This reads the latest version of the dataset content (every time the dataset is executed, a new version will be generated) for the dataset called illumination and reads it into a panda dataframe called df_light.

df_light['datetime']=pd.DatetimeIndex(pd.to_datetime(df_light["received"]/1000, unit='s')) \
    .tz_localize('UTC') \
    .tz_convert('US/Pacific')

df_light.index = df_light['datetime']

This adds a datetime index to the dataframe using the ‘received’ column in the data and converts it to the appropriate timezone.

Next we do some analysis with this data to figure out when dawn is and when we should turn the water on. I’m not going to explain this in detail as really the analysis you will be doing is totally dependent on the actual problem you want to solve, but you can review the code for the notebook here.

Typically in my notebooks I plot the data I am working with so I can visually inspect whether the data aligns with my expectations. Here’s the illumination data plotted by the notebook for example;

And here’s the temperature data from the other dataset.

Looking at the notebook code, you’ll see that we distill this data down to a time to turn the water on and a time to turn the water off.

water on (local)= 2018-08-23 06:06:10
water off (local)= 2018-08-23 07:31:10

You will recall I mentioned we would look at the weather forecast to determine if it was going to rain or not? How does that work?

lambdaClient = boto3.client('lambda')
response = lambdaClient.invoke(FunctionName='IsItGoingToRain')
result = json.loads(response['Payload'].read().decode("utf-8"))
willItRain = result

I’ve encapsulated the ‘IsItGoingToRain’ into a Lambda function that is executed by the notebook and this beings me to an important but sometimes overlooked point – I can use the entire AWS SDK from within my notebook and this gives me a great deal of flexibility to design a solution that leverages many other services. This lambda function is really simple, the code looks like this;

import json
from urllib.request import urlopen

def lambda_handler(event, context):
    url = "https://api.darksky.net/forecast/<REDACTED>/<LAT>,<LON>?units=si&exclude=currently,flags,alerts,minutely,daily"
    response = urlopen(url)
    weather = json.load(response)
    hourly=weather["hourly"]["data"]
    willItRain=False
    for hour in hourly:
        if ( hour["precipIntensity"] > 3 and hour["precipProbability"]>0.8) :
            willItRain = True
    return willItRain

Next the notebook leverages CloudWatch Event Rules to trigger another pair of lambda functions – one to turn the water on and one to turn the water off.
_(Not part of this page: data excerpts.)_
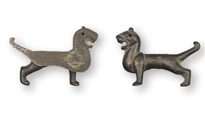 銅虎符(圖③)高4.7厘米、長(zhǎng)6.9厘米?;A豎耳,怒目張口,挺胸昂首,尾上翹,作奔走狀。符頭部有圓穿孔,背面有凸起的十字扣。符身正面陰刻篆書(shū)“永安府”字樣,背面陰刻楷書(shū)“右翊衛(wèi)”“右驍衛(wèi)”“永安四”“蘭豐二”等字樣。右翊衛(wèi)、右驍衛(wèi),官署名,為隋唐十六衛(wèi)中的兩衛(wèi)。隋初稱(chēng)左右衛(wèi),隋煬帝時(shí)改為左右翊衛(wèi),所領(lǐng)軍士稱(chēng)驍騎。館藏虎符出土于甘肅莊浪,是隋代府兵駐防莊浪的歷史見(jiàn)證,是研究隋代府兵制度的重要實(shí)物資料。
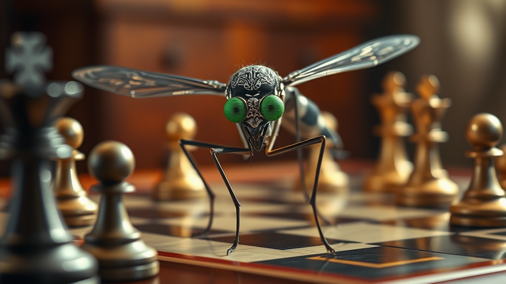 A mosquito with large, emerald green eyes sits on a polished wooden table, deeply engrossed in a game of chess. Its delicate wings glint under soft, cinematic lighting as it surveys the chessboard with an air of strategic contemplation. The mosquito is adorned in intricate, silver armor that gleams with finely detailed etchings, giving it an imposing yet majestic presence. The surrounding atmosphere is rich with detail, capturing the intensity of the game as each piece on the board is poised for action.
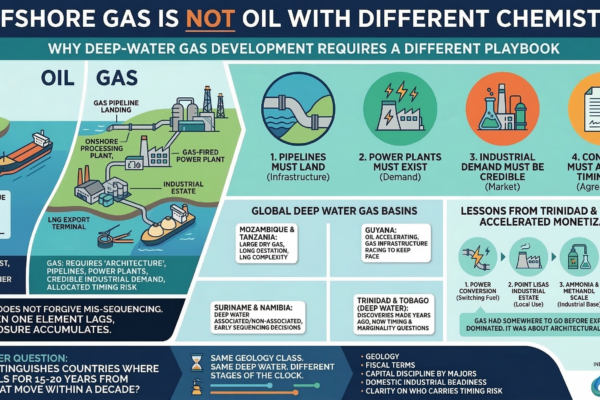 We’ve recently published the first article in a new series examining offshore gas development in emerging producer states. Discovery is the easy part. Development — especially in deep water, without ready markets — is where the real variables emerge. Oil can move fast. Gas requires architecture: Pipelines must land. Power plants must exist. Industrial demand…
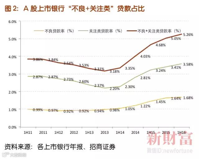 综上,以“不良+关注类”贷款占比评价当前商业银行资产质量,2016年上半年末银监会“商业银行口径”为5.78%,A股上市银行为5.26%。

Let’s take a look at the rule configuration to see how straight-forward that is as well.

ruleStatus = 'DISABLED' if (willItRain) else 'ENABLED'
cwe = boto3.client('events')

response = cwe.put_rule(
    Name='water-on',\
    ScheduleExpression='cron('+str(water_on.minute)+' '+str(water_on.hour)+' ? * * *)',\
    State=ruleStatus,\
    Description='Autogenerated rule to turn the water ON at the specified time')

response = cwe.put_rule(
    Name='water-off',\
    ScheduleExpression='cron('+str(water_off.minute)+' '+str(water_off.hour)+' ? * * *)',\
    State=ruleStatus,\
    Description='Autogenerated rule to turn the water OFF at the specified time')

The notebook goes on to publish the analysis back into another datastore, send messages to my phone etc, so please read the full notebook code here to get a sense of the variety of possibilities.

Great, so I have my notebook for analysis and I’ve tested it so that I’m happy, but how do I automate execution – it’s not very convenient having to manually run the notebook every time I want to adjust the irrigation and manual execution kind of misses the point of the project.

The key is to ‘containerize’ the notebook. This process is started by simply clicking on the containerize button you should see on the upper menu bar;

This process, launched at jupytercon 2018, allows you to package up your notebook into a docker image stored in an Amazon Elastic Container Registry repository and then you can use a container data set within IoT Analytics to execute the docker image on demand – either on a fixed schedule or triggered by the completion of another data set (which could be a SQL data set that prepares the data for the notebook).

The Result

Once a day my notebook is executed and determines when to turn the water on and off using both local environmental sensor readings and the weather forecast for the day ahead, the configuration drives CloudWatch Event Rules that invoke Lambda functions to turn the water on and off. The system has been up and running all summer without incident and the garden is still thriving.

UPDATE

Learn more about containerizing your notebook on the official AWS Iot Blog

 

Detecting clouds and clear skies (part three)

Last time we saw how we could take the the results of our cloud sensor data set and explore them using a Jupyter notebook.  Typically you use the notebook to implement the data science part of your projects but once you have the notebook ready, how do you run it automatically on a schedule?

First let’s start with the data science we would like to do. I’m going to do some analysis of my sensor readings to determine if it is night or day and if the sky is clear, has low or high cloud, or it’s raining (or snowing). Then, if conditions have changed since the last update, I’m going to publish a message on an SNS topic which will result in a message on my mobile phone for this example.

The first new feature I’m going to use is that of delta windows for my dataset.

In the last example, I scheduled a data set every 15 minutes to retrieve the last 5 days of data to plot on a graph. I’m going to narrow this down now to just retrieve the incremental data that has arrived since the last time the query was executed. For this project, it really doesn’t matter if I re-analyse data that I analysed before, but for other workloads it can be really important that the data is analysed in batches that do not overlap and that’s where the delta window feature comes in.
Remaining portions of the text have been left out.